Confrontations Europe, la Fondation Robert Schuman, l'Institut Jacques Delors, le Mouvement européen et EuropaNova travaillent déjà ensemble. France Stratégie n'est pas encore dans le cercle que nous avons constitué et peut-être faudrait-il l'y associer, mais, depuis un an, tous ces groupes de travail se rencontrent une fois par trimestre pour définir comment mieux valoriser ce qui rassemble les États membres et comment mieux traiter les enjeux européens.

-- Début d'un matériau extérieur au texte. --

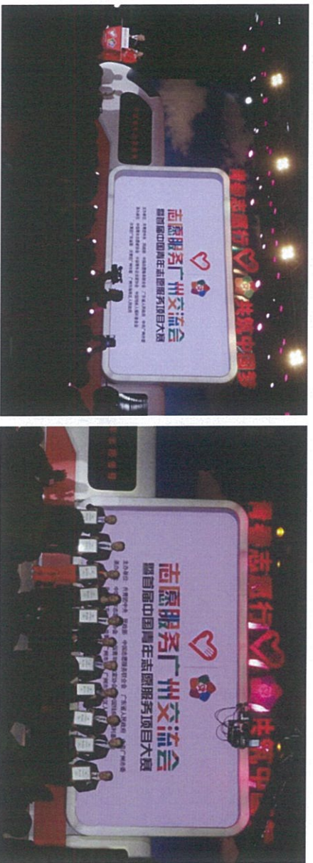
图：民政部副部长宫蒲光颁发爱心企业奖（左侧第一个：花样年公益基金会代表）

12月4日，花样年公益基金会受邀参加在广州市保利世贸博览馆举行的“第四届志愿服务广州交流会暨首届中国青年志愿服务项目大赛颁奖典礼”，中共中央政治局原委员、中国志愿服务联合会会长刘淇，团中央书记处常务书记贺军科，团中央书记处书记汪鸿雁，民政部副部长宫蒲光，中国残联副主席吕世明，省委常委、宣传部部长庹震等出席颁奖典礼，并为获奖的志愿者、志愿者组织和志愿服务项目颁奖。
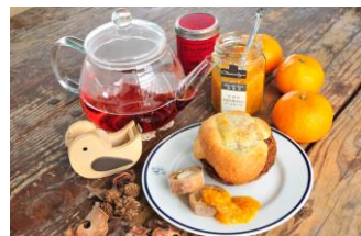
有田の木成完熟みかんマーメイド

「果実ひと筋130年 フルーツで豊かなライフスタイルを提供したい」 1887年に大阪木津で「カネテ」の屋号で創業し、四代に渡りフルーツの販売を続けてきました。 ライフスタイルの変化によって、フルーツを生で食べる以外の楽しみ方をもっと提供していかなくてはならないと感じ、2004年にオリジナルブランド「アトリエ コンフィチュール」を設立。 老舗果物専門店ならではの、産地や品種を絞込んだフルーツを使った無添加ジャムや、ピネガー、ゼリーなどの加工食品の企画開発・製造をスタートしました。 現在では、自社のECサイトや百貨店や生協などへの卸売りを中心に販路を拡大するとともに、添加物をなるべく使わない製法、小ロットでの生産、持ち込み原料の加工ができる点などが評価されて、OEM生産の依頼も増え続けています。 また、OEM商品では、フルーツに限らず、野菜、乳、お茶、花など、広く農産加工のニーズも多いことから、「瓶詰」「菓子」「乳製品」「ソース類」と4つの製造許可を取得し商品開発を行っています。

Nous sommes très favorables à l'idée d'une Union européenne constituée en trois cercles et nous insistons sur la nécessaire articulation entre l'Union européenne et une union économique et monétaire qui doit être consolidée. Détricoter l'euro serait extrêmement douloureux et très coûteux, mais il faut construire une trajectoire pour les pays membres de l'Union non membres de la zone euro. On ne peut refaire ce qui a eu lieu lors des élargissements – exiger des nouveaux entrants qu'ils absorbent l'acquis communautaire en oubliant quelque peu le nécessaire accompagnement de pays aux cultures différentes.
La fermeté à l'égard du Royaume-Uni ne fait pas débat pour l'instant, mais elle est extraordinairement fragile. Si les Vingt-Sept ne consolident pas leurs relations en cette période douloureuse, l'Union peut voler en éclats – et le résultat des élections à venir peut rebattre toutes les cartes.